Un mince soupir fila à travers ses lèvres tandis qu'elle plissait les yeux, jetant un coup d'œil au grand tableau de liège recouvrant la quasi totalité de l'un de ses murs.
- Vous avez une limite de temps à respecter, Mademoiselle Smile ? S'enquit-elle en se levant de son siège de cuir. Rapidement ? Oui, oui. J'ai sa fiche sous les yeux.
Amy DiNato s'approcha de ladite fiche, son téléphone portable dernier cri toujours collé à l'oreille. Face à son tableau, elle fit courir son regard sur la carte de Washington, les photos, adresses, post-it, fils rouges, indices et autres objets divers épinglés au liège. Elle s'arrêta sur une fiche rouge titrée "affaire November". Les différentes photos qui y étaient jointes réveillèrent en elle les souvenirs de l'affaire qui avait secouée la presse un mois auparavant.
Certes, elle n'y avait pas participé. Mais son âme de détective et sa curiosité insatiable l'avait forcée à établir une petite fiche pour suivre l'enquête, puis le jugement, au jour le jour. De plus, la jeune femme avait déjà travaillé pour l'avocate Peaceful Smile. Le courant était plutôt bien passé entre les deux femmes.
- Et donc, vous voulez que je trouve qu- ... Oui, oui ... Oh. D'accord. Sans que personne ne vous soupçonne, vous, d'être à sa recherche, c'est ça ? Oui.

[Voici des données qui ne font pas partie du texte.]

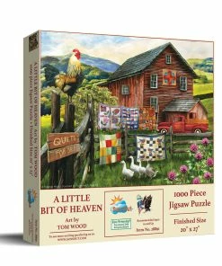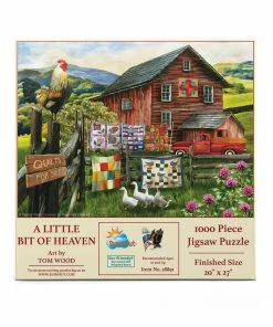 Tom Woodโs A Little Bit of Heaven brings you right into a quilt sale in the country. The brightly colored quilts, rustic barn, and adorable animals will keep you busy while putting together this 1000 piece puzzle from SunsOut. Completed puzzle measures 20โ x 27โ.
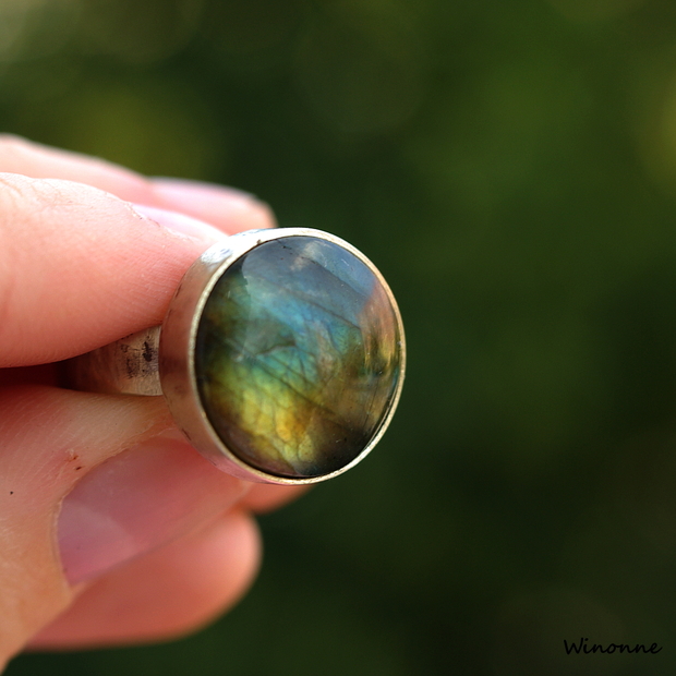 Prsten dělaný tradičními šperkařskými technikami. Do obroučky je vsazen nádherný kabošon labradoritu. Nebylo použito žádného polotovaru.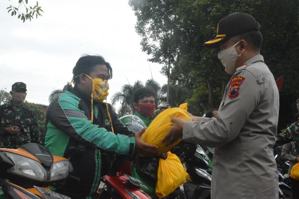 Inspektur Pengawas Daerah (Irwasda) Polda Jawa Tengah, Kombes Pol Budi Yuwono (kanan), menyerahkan bantuan kepada pengemudi ojek online di Kawasan Alun-alun Kabupaten Batang, Rabu (15/4/2020). Kombes Pol Budi Yuwono mengatakan, 690 paket sembako dan 200 masker diberikan kepada ojek online, tukang becak dan masyarakat, yang memang mata pencahariannya berkurang. MC Batang, Jateng/Hasan/Jumadi
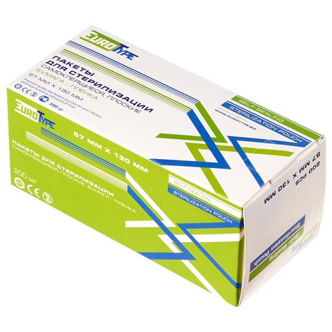 Пакет комбинированный самоклеящийся 57х130 мм EUROTYPE 200 шт., для ПАРОВОЙ/ГАЗОВОЙ стерилизации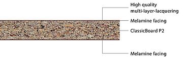- ClassicBoard P2: Urea resin-bonded particleboard, type P2 conforming to EN 312, suitable for non load-bearing purposes in dry areas.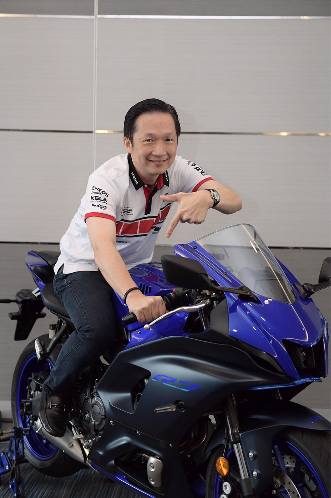 สำหรับคาแรคเตอร์ของ YZF-R7 นั้นใกล้เคียงกับ YZF-R6 ด้วยดีไซน์ภายใต้กลิ่นอายของ R-Series ที่ถ่ายทอดมาจากรุ่นพี่ ทว่ามีความเพรียวและเบากว่า ซึ่งเป็นความตั้งใจที่จะตอบโจทย์ความต้องการของลูกค้าที่ไม่ได้มุ่งเน้นเฉพาะการขับขี่ในสนามเพียงอย่างเดียว แต่สามารถใช้ในชีวิตประจำวันรวมถึงขับขี่ท่องเที่ยวได้เช่นกัน ด้วยฟีลลิ่งการขับขี่ที่สนุก เข้าโค้งได้ดี ภายใต้เครื่องยนต์แบบ Crossplane 2 สูบ ซึ่งพละกำลังและแรงบิดจะมาในช่วงรอบกลางๆ สอดคล้องกับการใช้งานที่ส่วนใหญ่ก็อยากได้อัตราเร่งแซงที่มั่นใจ มากกว่าการใช้ท็อปสปีด ตำแหน่งการขับขี่ของ YZF-R7 ค่อนข้างสบายไม่ต้องก้มเท่ากับ YZF-R6 ทว่าก็ไม่ใช่แนวสปอร์ต ทัวริ่งเหมือน YZF-R3 อยู่ระหว่างตรงกลาง ดังนั้นกิจกรรมของยามาฮ่าจึงไม่ได้มีเพียงแค่ในสนาม จะมีตั้งแต่การขับขี่ปลอดภัย โดยเริ่มสอนตั้งแต่ขั้นเริ่มต้น เมื่อผ่านคอร์สดังกล่าวสามารถไปทำใบขับขี่ซูเปอร์ไบค์ได้เลย ส่วนในเรื่องทัวริ่งนั้นเรามีกิจกรรมอยู่ทุกปี เดินทางไปบนเส้นทางที่สวยๆ ทว่าต้องเว้นวรรคไปในช่วงที่ผ่านมาด้วยข้อจำกัดหลายๆ ด้าน หลังการแพร่ระบาดของโควิด-19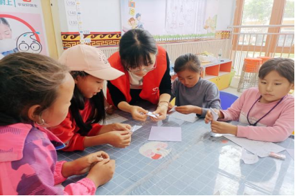 在普通话教学与经典传统文学作品朗诵课上,团队成员帮助同学们纠正普通话读音,体味优秀传统文化的魅力;书法课上,小朋友认真学习正确的书写方法,从一笔一画中感悟“天人合一”“和而不同”;手工绘画课上,小朋友们稚嫩的双手勾勒五彩的缤纷世界;彝普文化交流课上,小朋友们与团队成员进行彝普话语互译,感受语言的神奇魅力和文化交流的美好;气象防灾知识科普课上,团队成员结合知识手册和教学图画让小朋友们体会到自然的伟力和人与自然和谐相处的重要性;手语操课上,小朋友们通过学习《国家》手语操坚定民族自信,厚植家国情怀。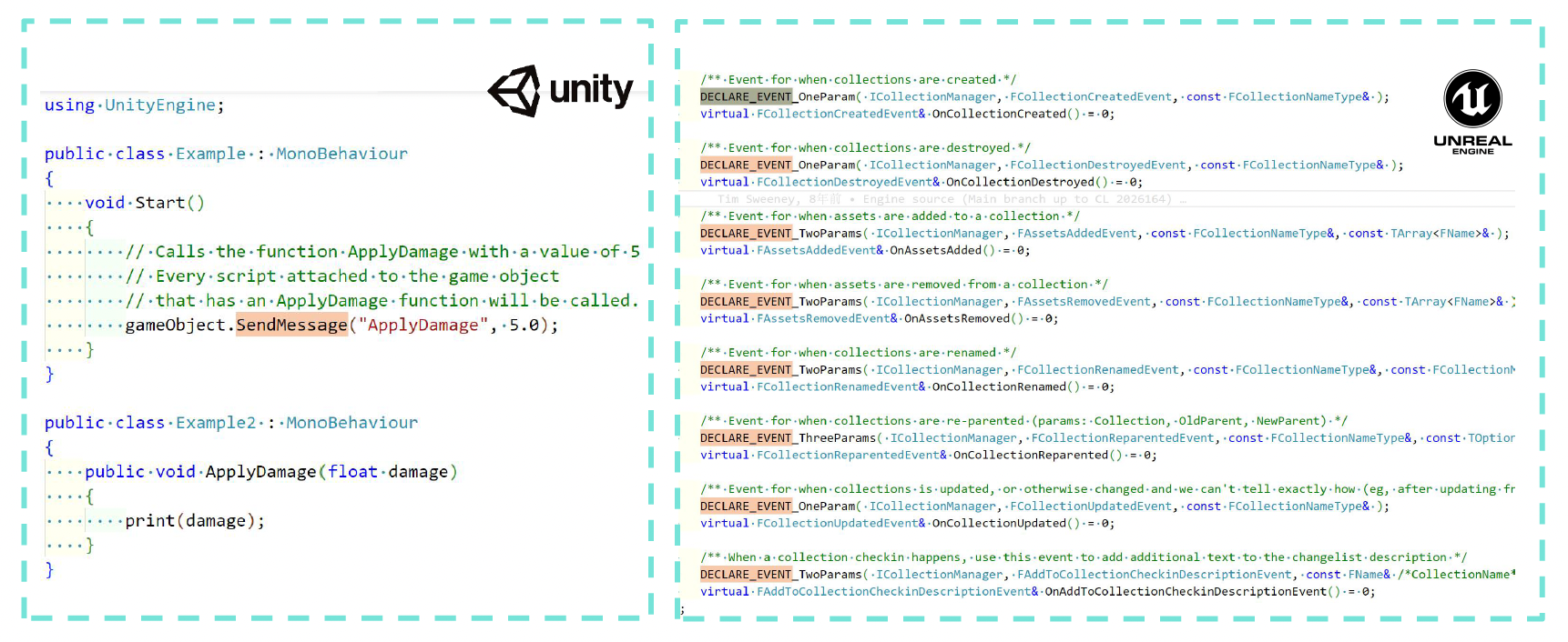 - 而 Unreal 做得就比较复杂些——用 C++ 源码去处理比较复杂的反射机制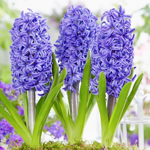 Гіацинти більш примхливі, ніж інші цибулинні, їм потрібні найсвітліші та захищені від вітру ділянки. Землю готують заздалегідь, вносять в неї до 2 відер перегною та повне мінеральне добриво (100-150 г/м²). Посадковий матеріал розміщують через 15-20 см на глибині, яка дорівнює трьом діаметрам цибулини. Якщо осінь суха – місце посадки треба полити. У вегетаційний період також варто підтримувати землю у ледь вологому стані.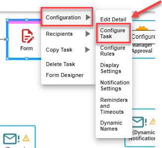 Right-click on the form task, hover over Configuration and select Configure Task.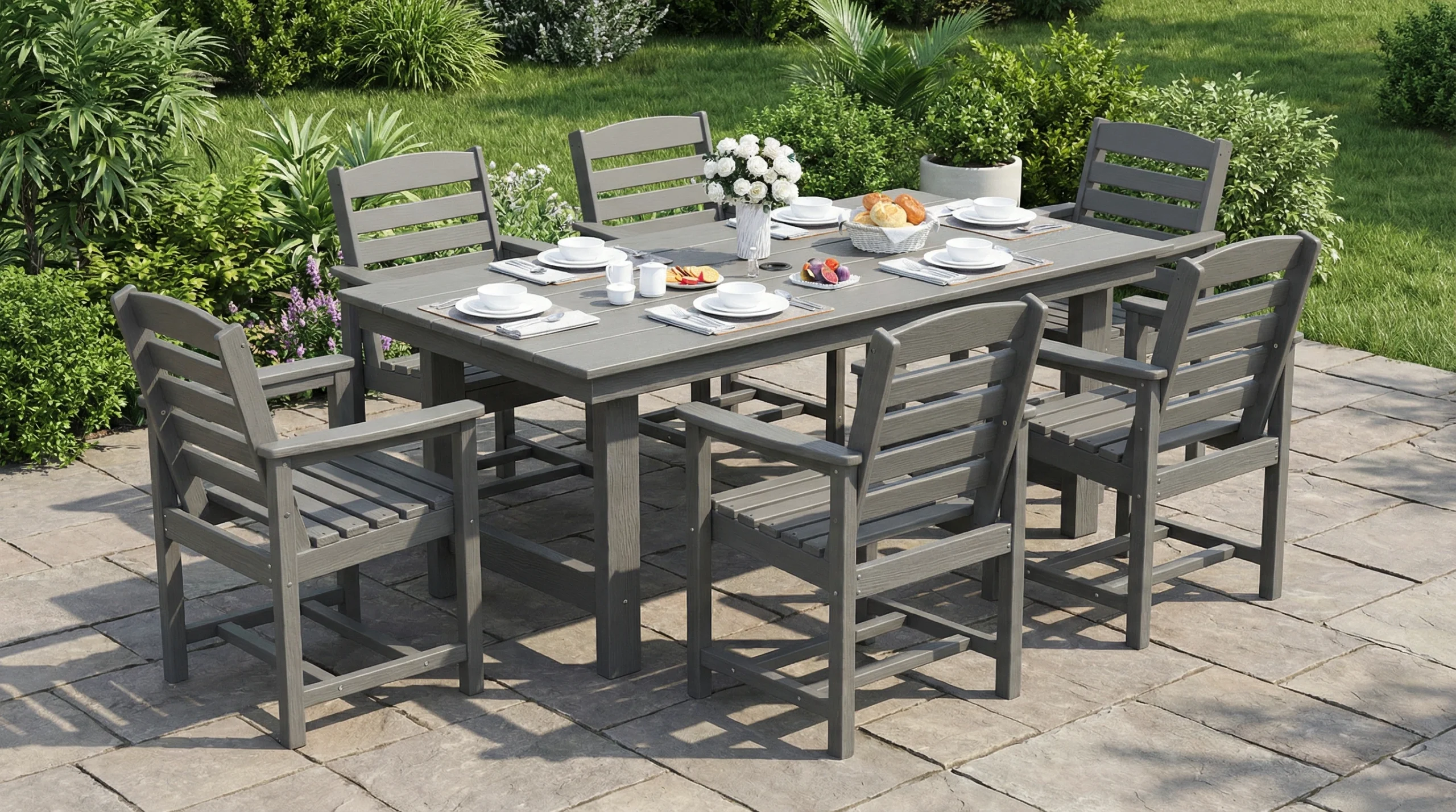 - Wooden Texture: With a realistic wooden texture, the poly outdoor dining table combines the aesthetic appeal of wood with the benefits of poly lumber.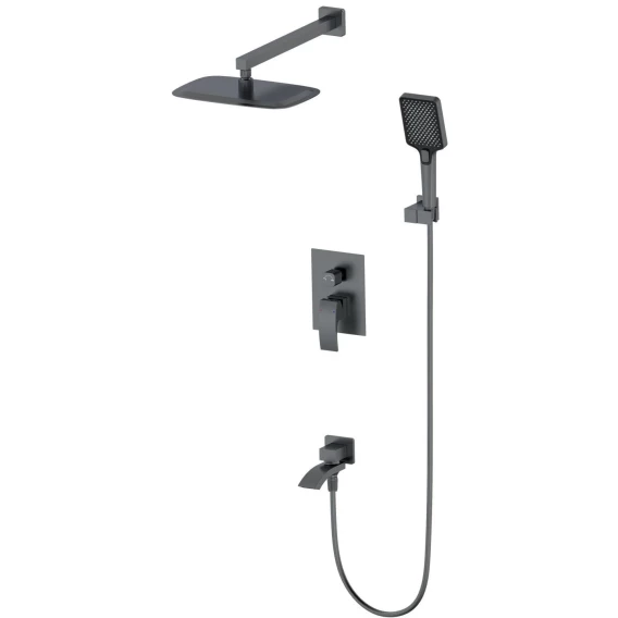 Аэратор, Душевой шланг, Душевая лейка, Держатель для душевой лейки, Подключение для душевого шланга, Верхний душ, Излив, Скрытая монтажная часть, Смеситель, Кронштейн

Hochant machinalement la tête au son de la voix de son interlocutrice, Amy DiNato fit demi-tour vers son bureau et s'empara d'un post-it rose en forme de fleur. Elle griffonna rapidement le nom que l'avocate lui dictait, puis fourra le bout de papier dans la poche de son superbe imperméable noir huilé, accroché à un portant.
- Bien. On se dit demain, 21h, au Pink Squirrel's Cafe. Même mode opératoire que d'habitude pour récupérer les informations. ... A demain.
La jeune americano-italienne éloigna le combiné de son oreille pour mettre fin à la conversation. Elle enfila rapidement son imper, glissa son portable dans l'une des larges poches, un calepin et deux stylos dans l'autre, et sortit à pas rapides de son bureau pour en claquer la porte dans son dos.
Elle traversa rapidement un long couloir sobre pour arriver à la porte d'entrée, qu'elle ouvrit et referma dans la seconde.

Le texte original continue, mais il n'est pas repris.